Description of the task.
Without including any images, repeat the data exactly.

Recorded data.
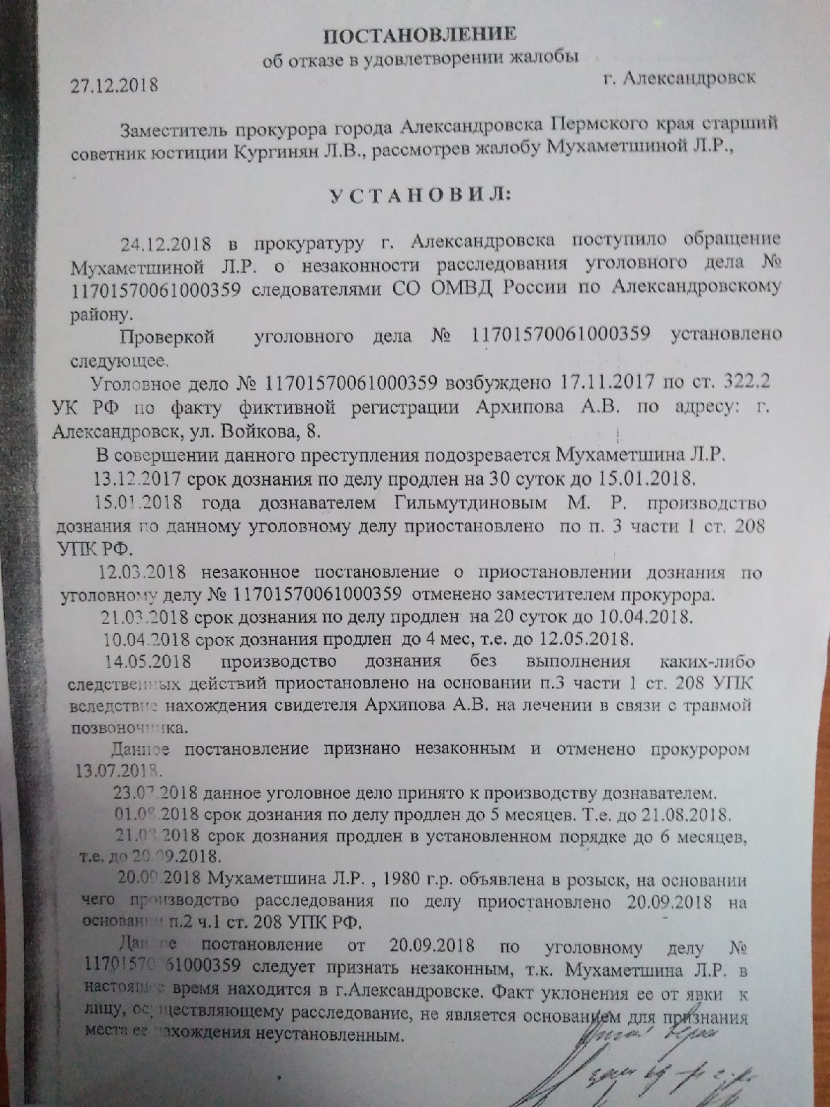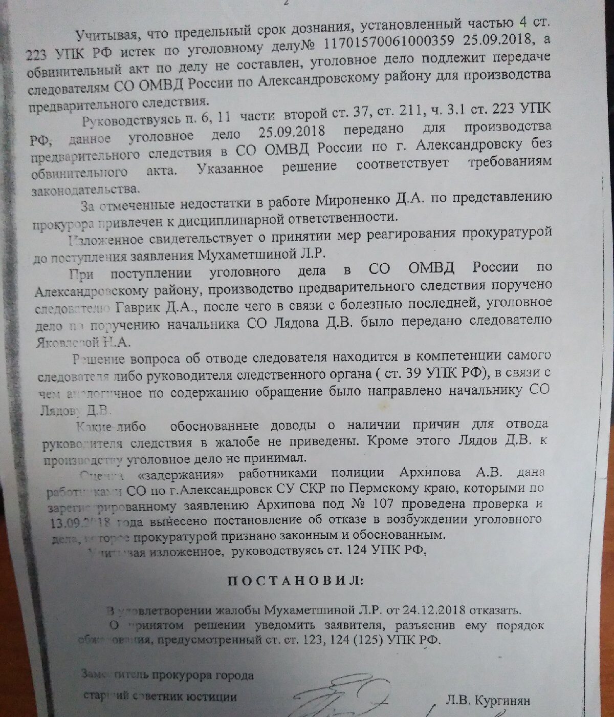 О незаконности возбуждения уголовного дела женщина заявила в прокуратуру, но там она наткнулась на друга И. Заместитель прокурора Кургинян Л. В. отказала в удовлетворении жалобы, не приняв во внимание факт супружества.
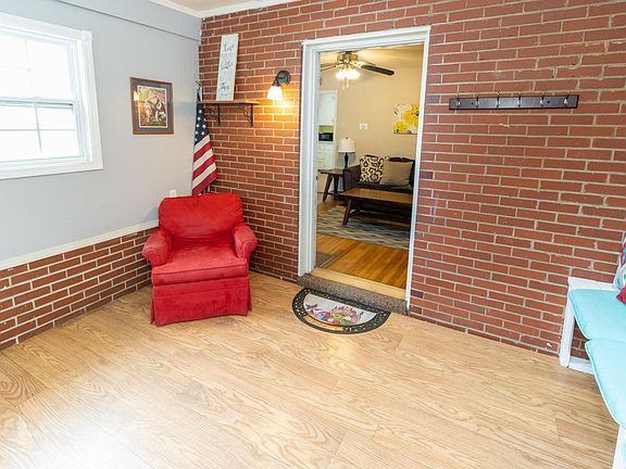 Brick bungalow with an oversized 3 car garage which has entrances in the front and back and a work area. Home boasts built-in/finished front porch that leads into the living room with original hardwood flooring. Off the living room, large eat-in kitchen that opens up to the nice sized, fenced in backyard with patio. Two bedrooms and a full bathroom round out this cozy home. HVAC 2021
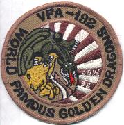 This is the round, desert version of the OSW ’98 patch, hand-made for the VFA-192 World Famous Golden Dragons that are based out of NAS Atsugi, Japan. They originally were commissioned as VF-153 in March 1945, but became VA-192 in March 1956. They flew the FJ-4B and the A-7 Corsair, but were redesignated as VFA-192 in January 1985 and acquired the F/A-18C Hornet during a ceremony at Pearl Harbor as the USS Midway was heading to retirement.

Result of this task.
 О незаконности возбуждения уголовного дела женщина заявила в прокуратуру, но там она наткнулась на друга И. Заместитель прокурора Кургинян Л. В. отказала в удовлетворении жалобы, не приняв во внимание факт супружества.
 Brick bungalow with an oversized 3 car garage which has entrances in the front and back and a work area. Home boasts built-in/finished front porch that leads into the living room with original hardwood flooring. Off the living room, large eat-in kitchen that opens up to the nice sized, fenced in backyard with patio. Two bedrooms and a full bathroom round out this cozy home. HVAC 2021
 This is the round, desert version of the OSW ’98 patch, hand-made for the VFA-192 World Famous Golden Dragons that are based out of NAS Atsugi, Japan. They originally were commissioned as VF-153 in March 1945, but became VA-192 in March 1956. They flew the FJ-4B and the A-7 Corsair, but were redesignated as VFA-192 in January 1985 and acquired the F/A-18C Hornet during a ceremony at Pearl Harbor as the USS Midway was heading to retirement.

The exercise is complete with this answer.